Gagner de l’emploi sur ces territoires, c’est gagner de la richesse collective. Je n’oppose en
outre pas le bois et la forêt à l’industrie et au Tourisme. La forêt est un élément de
l’attractivité touristique, du loisir, qui génèrent de l’emploi. C’est aussi une ressource pour
notre industrie, la ressource qui permet de recréer de l’industrie de transformation, de lancer
des PME traditionnelles ou innovantes.
On manque de bûcherons et de débardeurs qualifiés. Les entrepreneurs de travaux
forestiers (E.T.F.) sont dans la plupart des cas des travailleurs indépendants. Ce statut
comporte avantages et inconvénients. Dans la mesure de votre connaissance du sujet,
pouvez-vous formuler deux ou trois propositions capables de rendre cette profession
plus attractive pour les jeunes ?
L’attractivité des métiers est d’abord liée à l’image que ces métiers renvoie, nous le savons
tous, auprès des jeunes mais aussi des parents. Au-delà de rémunérations relativement
modestes, nous devons donc dire que ces métiers durs physiquement sont aussi des métiers de
la nature qui offrent des débouchés à de nombreux jeunes qui aspirent à travailler en contact
avec la nature.
Le statut de travailleur indépendant ne me paraît pas être un handicap, au contraire. Il autorise
en effet une grande souplesse pour ceux qui se lancent. Nous avons par exemple proposé de
réformer le statut de l’auto-entrepreneur pour en faire un vrai statut incubateur pour faire
naître des entreprises artisanales durables. Je me battrai pour cela. Encore faut-il ne pas mentir
sur l’exigence de sérieux et de responsabilité qu’il implique dans la marche de l’entreprise
créée.
C’est aussi dans les lycées professionnels qu’il faut faire la promotion de ces métiers qui
peuvent n’être guère attractif pour les adolescents mais peuvent le devenir pour de jeunes
adultes. C’est l’enjeu aussi du développement de la formation tout au long de la vie.
A une brève exception près (Monsieur René SOUCHON secrétaire d’Etat à la forêt) il
n’y a jamais eu un ministère de la forêt, de l’économie et de l’écologie forestière.
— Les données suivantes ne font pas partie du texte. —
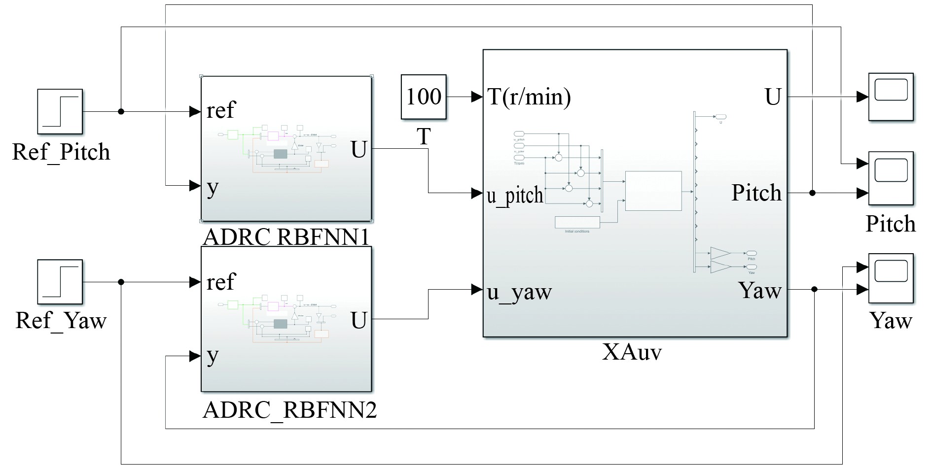 图 9 RBFNN-ADRC解耦系统仿真模型 Fig. 9 RBFNN-ADRC decoupling system simulation model |

Pourtant la forêt privée française compte 3 millions 500 mille propriétaires dont 92
mille en Isère et génère environ 400 mille emplois. L’importance de ce secteur
d’activités vous paraît-elle justifier la mise en place d’un tel portefeuille ministériel ?
Précisez votre réponse : positive ou négative en l’illustrant par quelques arguments.
Il est de coutume de placer la forêt sous la tutelle du ministère de l’agriculture. Le fait que
François Mitterrand ait choisi de nommer un ministre délégué à la forêt montre toute
l’importance du secteur. René Souchon y a fait un excellent travail. Rapporteur de la dernière
loi d’orientation sur la forêt et Isérois, je ne peux que défendre cette idée d’un ministère. Au-
delà du symbole fort que cela serait, un tel portefeuille permettrait aussi de se consacrer
pleinement à la reconstruction de notre filière forêt bois.
L’architecture choisie par le Président Hollande est de confier la forêt au ministre de
l’agriculture. Le fait que nous ayons en outre un ministre du redressement productif permet et
dire qu’ils pourront travailler ensemble sur la question du développement de l’économie de la
forêt en lien avec le ministère de l’environnement.
On peut aussi considérer que le Président de l’ONF doit être porteur d’une vision qui
transcende la forêt publique et agir avec tous les acteurs institutionnels et privés pour défendre
la montée en puissance de la filière bois.